As we head into the first week of February trading, it will be interesting to see if gold and silver can continue to capitalize on the uncertainty currently held by such an overwhelming number of investors.
Safe-Haven Demand Drives Precious Metals
Throughout much of the first half of this week, precious metals spot values were on the rise thanks, largely, to the growing sense of uncertainty being exhibited by global investors. As equity markets across Europe, Asia, and the Americas continue to tumble, and 2016 economic growth expectations get downgraded, investors are realizing the need to safeguard their wealth, and are doing that with gold and silver.
Towards the end of the week, both gold and silver suffered some minor losses, but these were due more to profit-taking and chart consolidation than anything else.
FOMC Meeting Brings No Change
Though it is typically big news, this week’s installment of the Federal Open Market Committee meeting largely flew under the radar. The reason for this is perhaps due to the fact that no one was expecting anything to come from this meeting. While at one point there may have been expectations that the Fed would raise interest rates yet again, that much did not prove to be the case.
In fact, the Fed hinted that it may be quite some time before rates are raised again. In a statement made after the meeting, the Fed said that current, uncertain market conditions were to blame for the lack of rates being raised. With so many people expecting this poor market atmosphere to carry on through the next few weeks, and maybe even next few months, there isn’t exactly a plethora of people who are expecting rates to be raised again at March’s meeting either.
OPEC Meeting in the Cards
A rumor that surfaced towards the end of the week was that OPEC member nations were going to soon meet in order to talk about what can be done to combat the falling price of crude oil. Up to this point, calls for countries to limit their production have gone ignored, so it is interesting to see OPEC pursue the same tactics this time around.
Making things a bit more interesting, however, is the fact that Russia is supposedly in talks with countries like Saudi Arabia and Kuwait about possibly joining them in curbing the production of crude oil. Though these talks have fine intentions, the fact that Iranian crude oil may become a bigger player in the global crude oil market is something that may undermine any decisions made by OPEC countries. As of now, there is no date set for these rumored OPEC talks.

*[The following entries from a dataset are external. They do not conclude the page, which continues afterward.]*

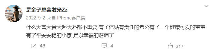 而随着刘某某儿子出生,她的文字也更多的在记录家庭与孩子的成长,23年刘某某表示:“当了妈妈之后真的放弃了好多,但是一点也不后悔,希望我的宝贝健康快乐足矣。”24年刘某某曾发文感叹:“我拥有全世界最好的家人。”“日子肯定会越来越好的。”
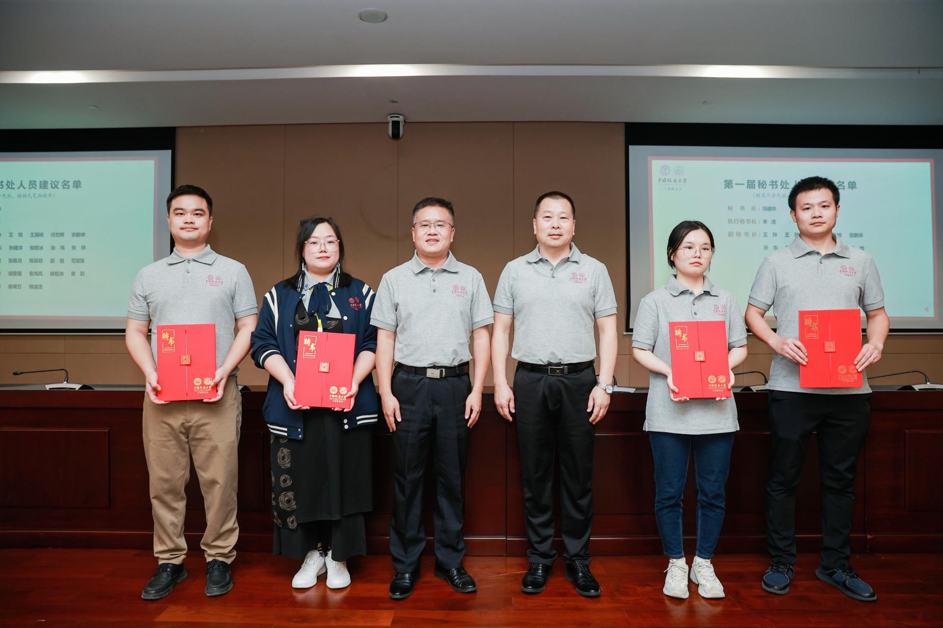 米兰学生就业指导处陈华清、张志毅为第一届理事会秘书处成员代表授聘书。
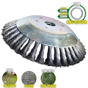 A Escova rotativa da Duraline acompanha um anel de redução, ou seja, pode ser utilizada para roçadeiras de furo 20mm ou 25mm, tendo as cerdas feitas em aço garante mais segurança, desempenho e durabilidade. A Escova Rotativa Duraline é balanceada, fazendo com que haja menor vibração, corte contínuo e suave, com mais conforto ao operador e mais longevidade para a roçadeira. A escova é do modelo côncavo, assim facilitando o seu uso durante o manuseio. A Escova pode ser aplicada para diferentes trabalhos, dentre elas: Limpeza de Pavers, Limpeza de Calçadas, Limpeza de concreto, Limpeza de Pavimentos, Remoção de musgos e Remoção de ervas daninhas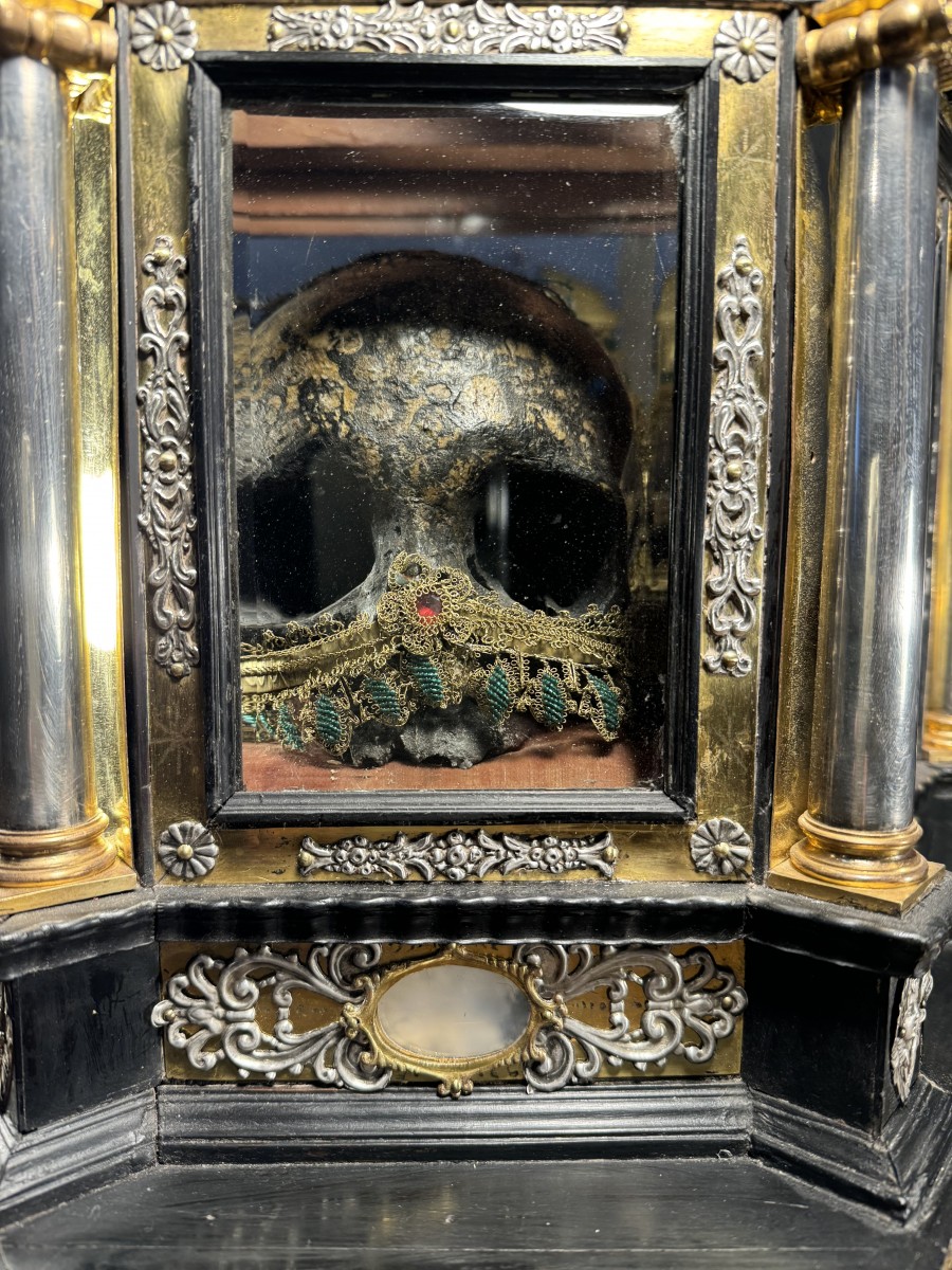 En ébène, argent et cuivre doré de forme architecturée soulignée de quatre colonnes détachées il abrite en effet un chef des onze mille Vierges de la compagnie de Sainte Ursule.

In other news on Friday, the Bank of Japan announced that, effective February 16th, the country would be subjected to a negative .1% deposit rate. This move was made in an effort to drive up inflation despite falling crude oil prices working to do the exact opposite. In addition to this announcement, the BoJ made it clear that they are not counting out the possibility of venturing further into negative territory as far as interest rates are concerned. Aiming to reach a 2% inflation rate, Japan is currently far from that goal at the present moment in time.